Reasoning Up the Instruction Ladder for Controllable Language Models

As large language model (LLM) based systems take on high-stakes roles in real-world decision-making, they must reconcile competing instructions from multiple sources (e.g., model developers, users, and tools) within a single prompt context. Thus, enforcing an instruction hierarchy (IH) in LLMs, where higher-level directives override lower-priority requests, is critical for the reliability and controllability of LLMs. In this work, we reframe instruction hierarchy resolution as a reasoning task. Specifically, the model must first "think" about the relationship between a given user prompt and higher-priority (system) instructions before generating a response. To enable this capability via training, we construct VerIH, an instruction hierarchy dataset of constraint-following tasks with verifiable answers. This dataset comprises ~7K aligned and conflicting system-user instructions. We show that lightweight reinforcement learning with VerIH effectively transfers general reasoning capabilities of models to instruction prioritization. Our finetuned models achieve consistent improvements on instruction following and instruction hierarchy benchmarks, achieving roughly a 20% improvement on the IHEval conflict setup. This reasoning ability also generalizes to safety-critical settings beyond the training distribution. By treating safety issues as resolving conflicts between adversarial user inputs and predefined higher-priority policies, our trained model enhances robustness against jailbreak and prompt injection attacks, providing up to a 20% reduction in attack success rate (ASR). These results demonstrate that reasoning over instruction hierarchies provides a practical path to reliable LLMs, where updates to system prompts yield controllable and robust changes in model behavior.

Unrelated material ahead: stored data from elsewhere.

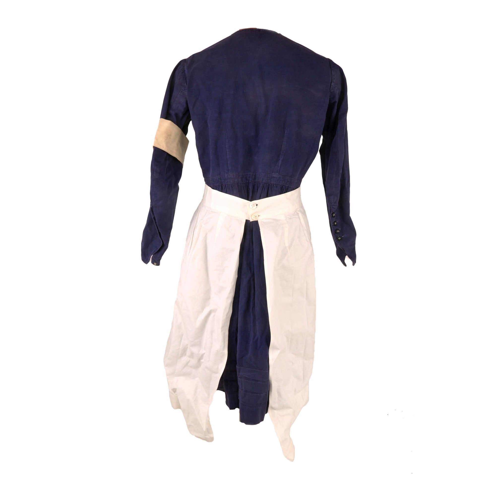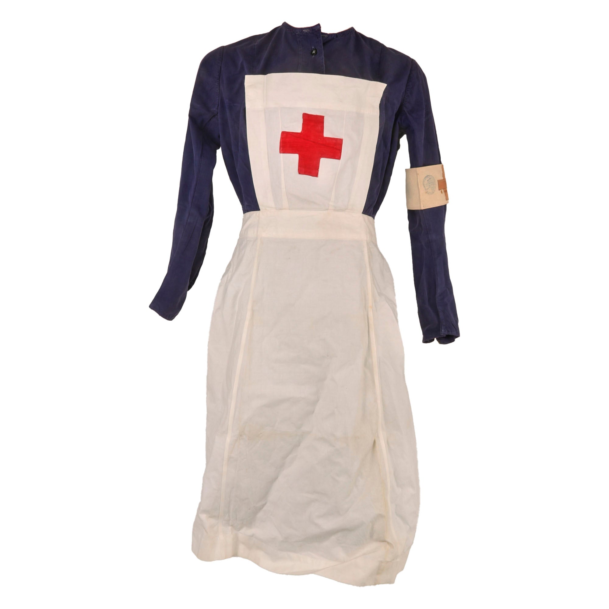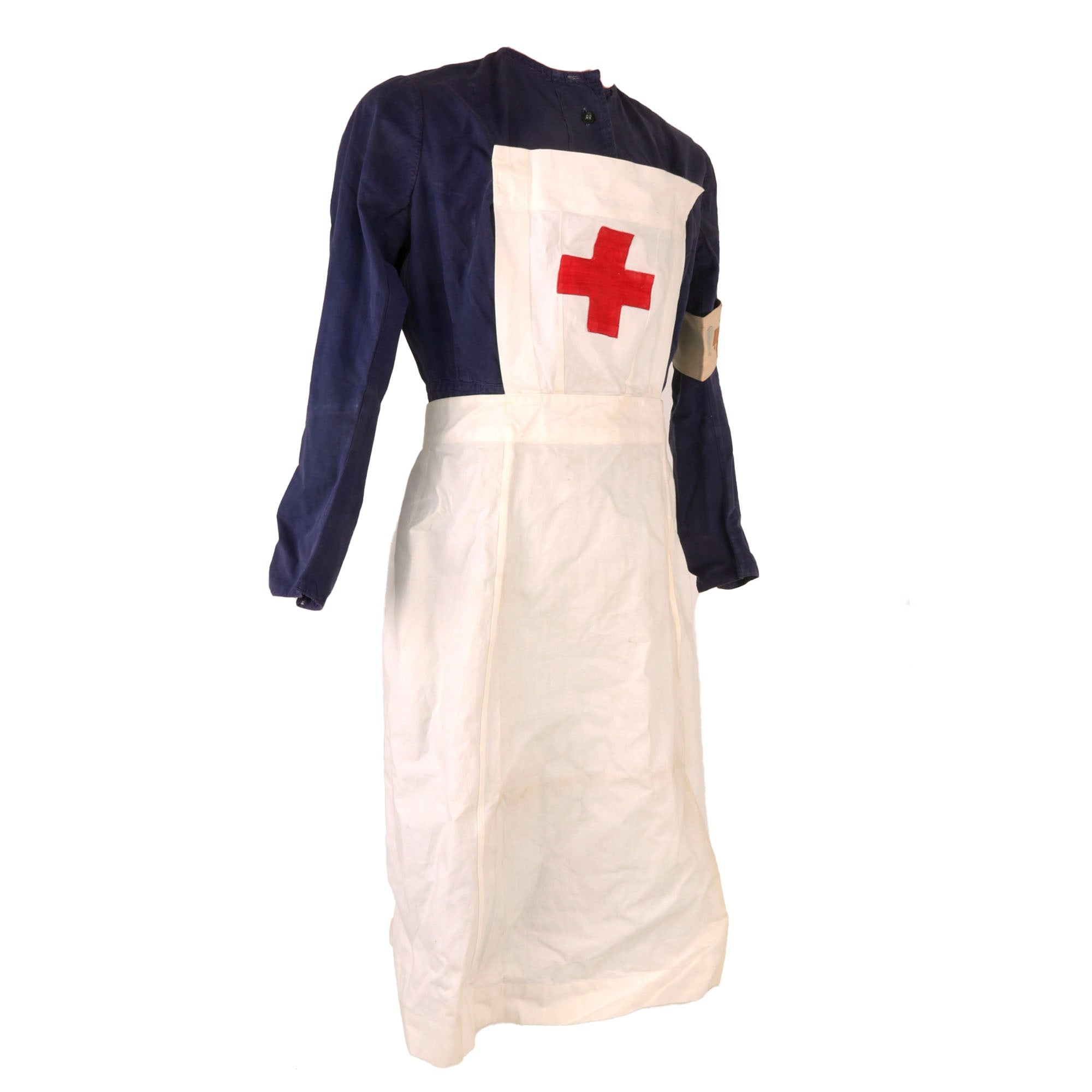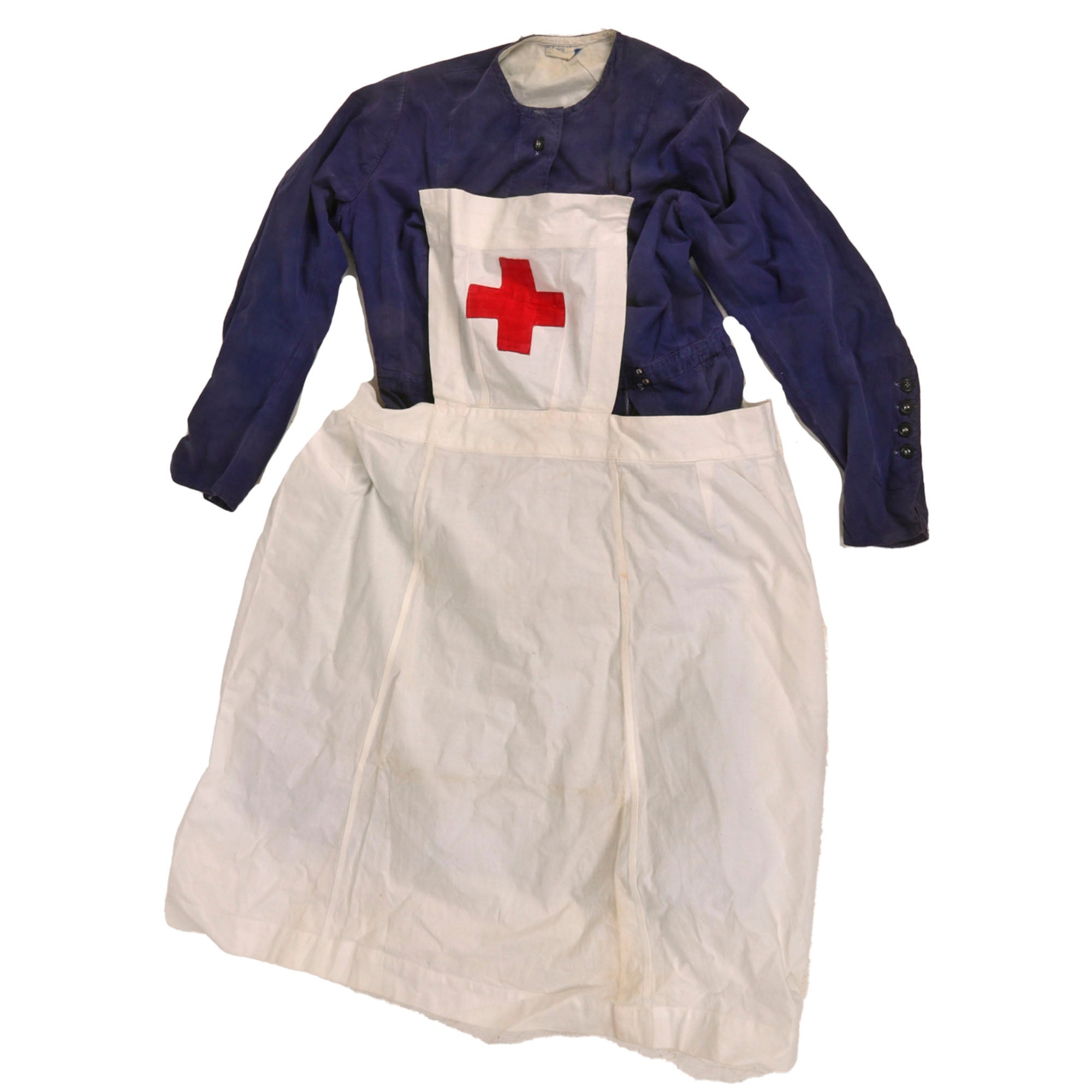 - Parker’s 1916 nurse’s work uniform with a blue uniform and white apron attached with a big red cross on the front. This uniform is in exemplary condition, with little mothing, and no exterior issues that can be seen. This uniform is without a doubt museum quality. It has an orginal tag and is named to Lieutenant Nursing Sister Emily Abalinda Parker.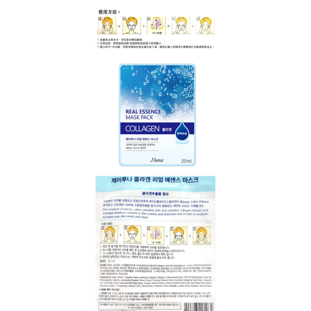 現貨【J luna】Real精華面膜 – 膠原蛋白/紅蔘/蘆薈 20ml【月星球】膠原蛋白面膜/保濕/乾燥肌膚膠原蛋白面膜|紅蔘面膜|蘆薈面膜Face Mask & Packs月星球 Dalnarashop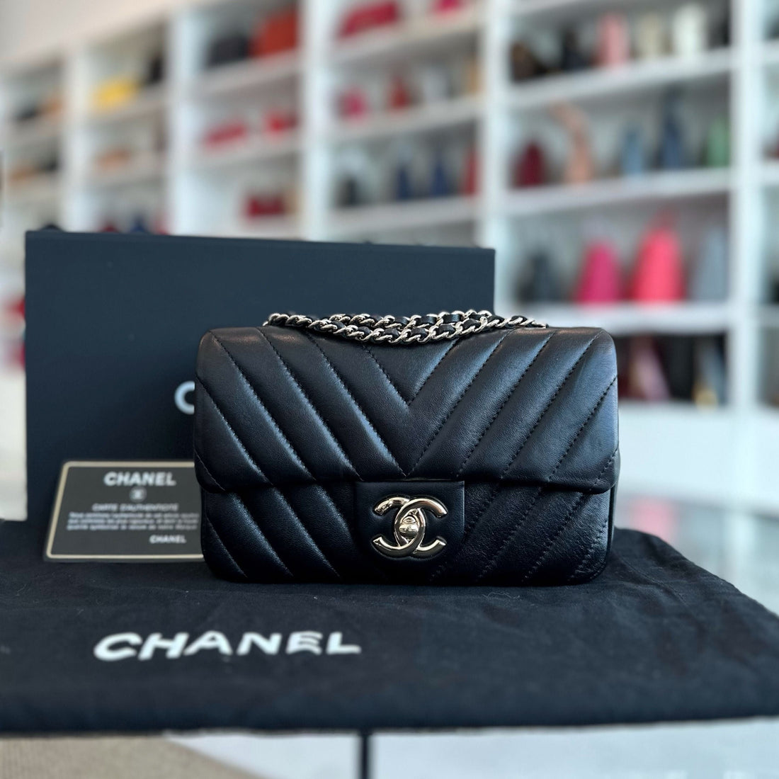 *Like New* Mini Rectangular 20CM Chevron Lambskin Black LGHW
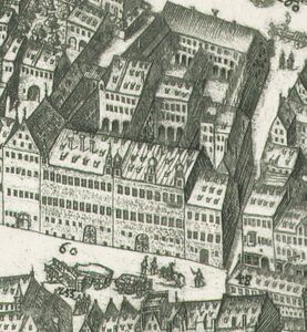 Ansicht der Fuggerhäuser von 1626. Ausschnitt aus Stadtplan von Augsburg von Wolfgang Kilian (1581-1662) von 1626. (bavarikon) (Bayerische Staatsbibliothek, Bildarchiv port-000309)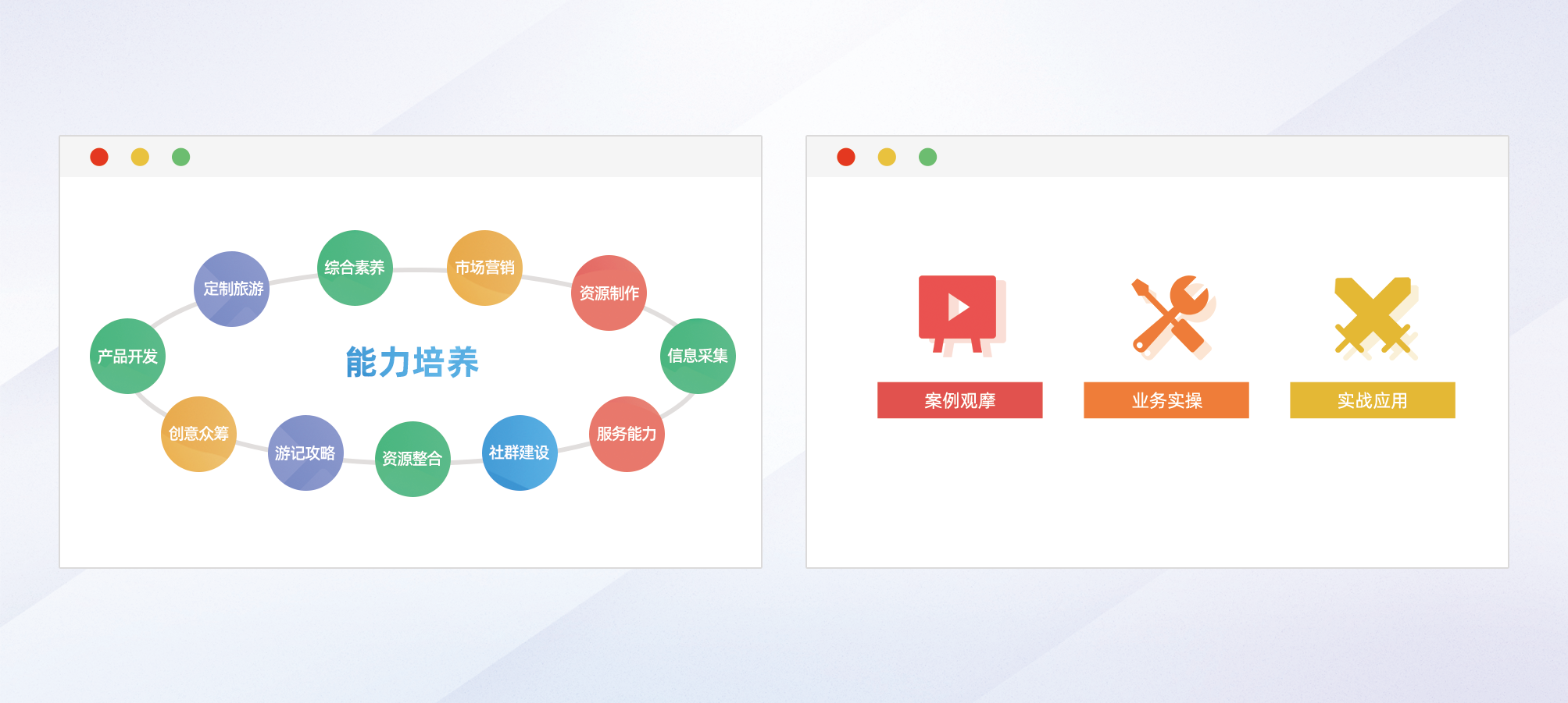 系統(tǒng)按照“案例觀摩-業(yè)務(wù)實操-實戰(zhàn)應(yīng)用”流程設(shè)置實訓(xùn)模塊,培養(yǎng)學(xué)生的旅游產(chǎn)品開發(fā)與資源整合能力、社群建設(shè)與服務(wù)能力、市場營銷能力、信息采集與運作等業(yè)務(wù)技能,通過全流程參與旅游產(chǎn)品及服務(wù)的生產(chǎn)、開發(fā)與經(jīng)營等活動,幫助學(xué)生找到自己的職業(yè)專長,提高創(chuàng)新創(chuàng)業(yè)實踐技能。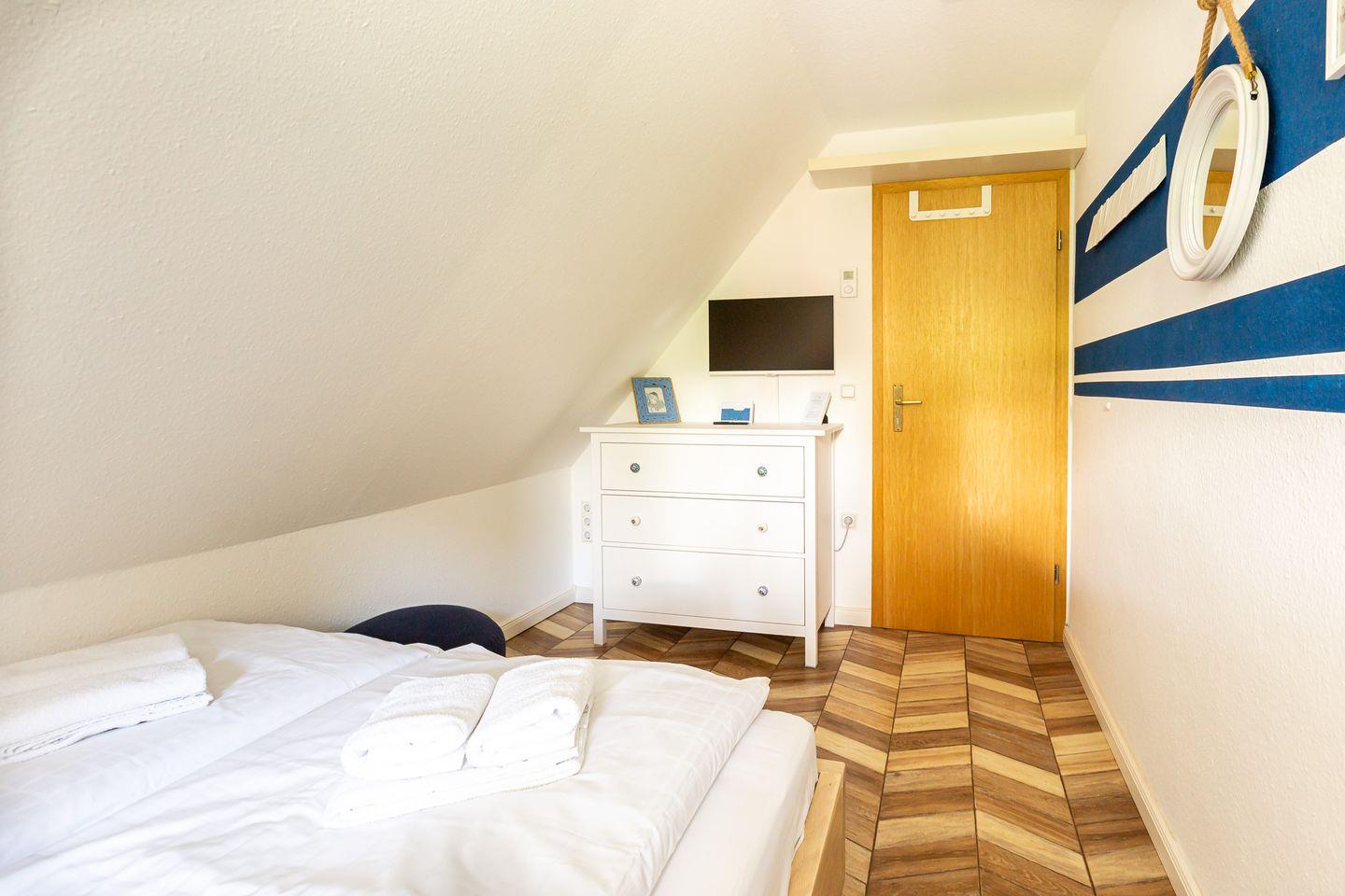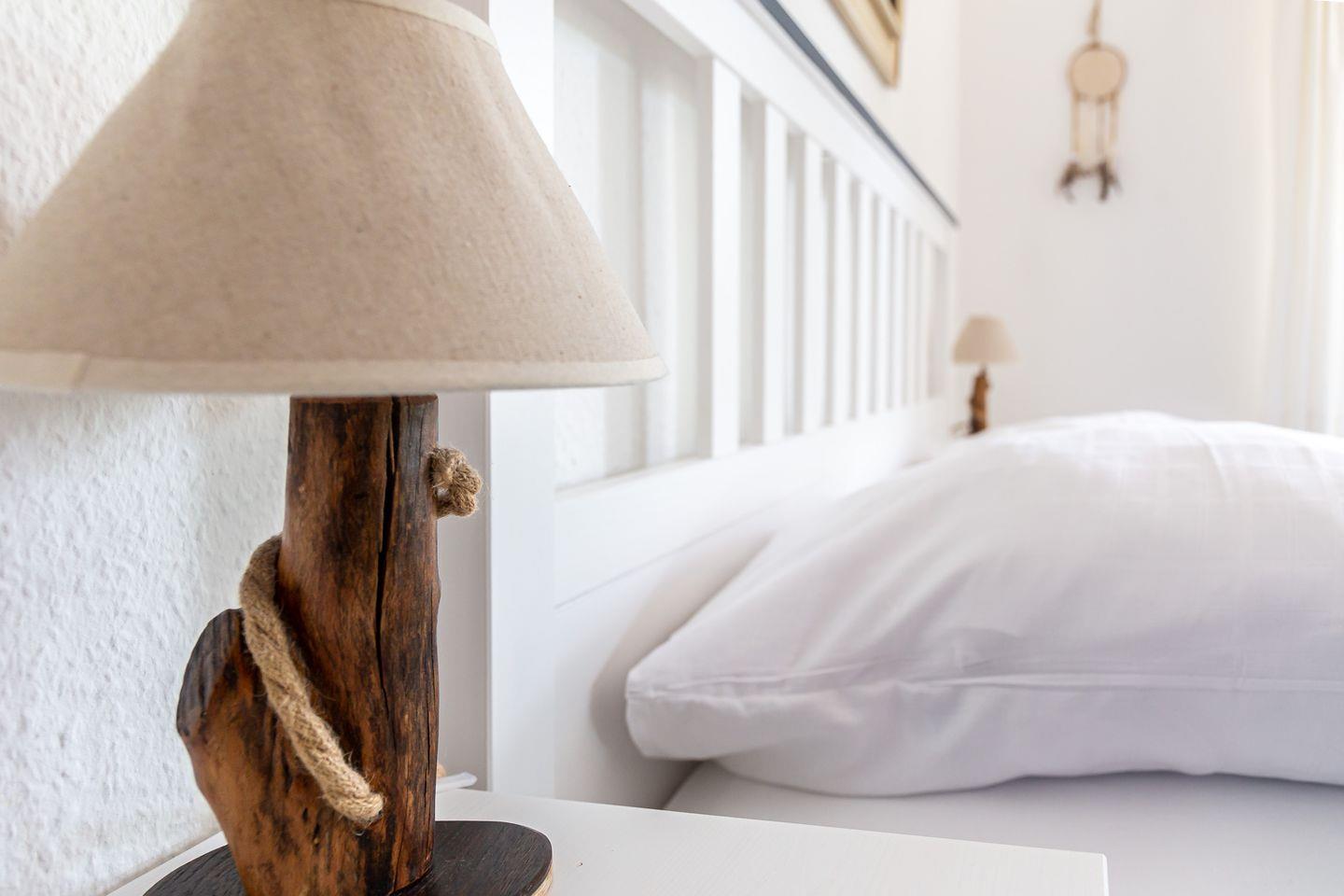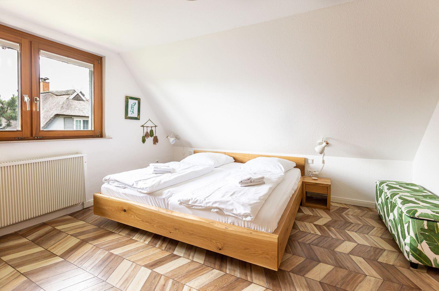 Im Erdgeschoss erwartet dich ein kleiner Eingangsbereich, ein Schlafzimmer mit Doppelbett (160 cm) und Austritt zu einer der zwei Terrassen, ein Bad mit Dusche/WC sowie die separate Landhaus-Küche. Der massiv gebaute Wintergarten wurde als Wohnbereich mit gemütlicher Sitzecke und viel Liebe zum Detail eingerichtet. Von hieraus gelangst du in die angeschlossene Küche sowie in den Garten. Das Obergeschoss beherbergt ein Schlafzimmer mit einem großen Doppelbett und einem separaten Kinderbett in West-Ausrichtung, ein weiteres Schlafzimmer mit einem Doppelbett sowie ein Bad mit Badewanne/WC.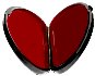 The box is constructed from paper-mache. Black lacquer is used to paint the exterior of the box while red lacquer completes the interior of the work. The lid is hinged from the bottom of the compositions, and the box rests flat. The work is signed with the artist's name.

翻译：随着基于大语言模型（LLM）的系统在现实世界决策中承担起高风险的职责，它们必须在单一提示上下文中协调来自多方（例如模型开发者、用户和工具）的竞争性指令。因此，在LLM中强制执行指令层级（IH），即高层指令优先于低优先级请求，对于LLM的可靠性和可控性至关重要。在本工作中，我们将指令层级解析重新定义为一项推理任务。具体而言，模型在生成响应前必须首先"思考"给定用户提示与高优先级（系统）指令之间的关系。为了通过训练实现此能力，我们构建了VerIH——一个包含可验证答案的约束遵循任务的指令层级数据集。该数据集包含约7K条对齐及冲突的系统-用户指令。我们证明，使用VerIH进行轻量级强化学习能有效将模型的通用推理能力迁移至指令优先级处理。我们微调的模型在指令遵循和指令层级基准测试中取得了一致的改进，在IHEval冲突设置上实现了约20%的性能提升。这种推理能力还能泛化至训练分布之外的安全关键场景。通过将安全问题视为对抗性用户输入与预定义高优先级策略之间的冲突解析，我们训练的模型增强了对越狱和提示注入攻击的鲁棒性，攻击成功率（ASR）最高可降低20%。这些结果表明，对指令层级进行推理为实现可靠LLM提供了一条实用路径，其中系统提示的更新能带来模型行为的可控且稳健的改变。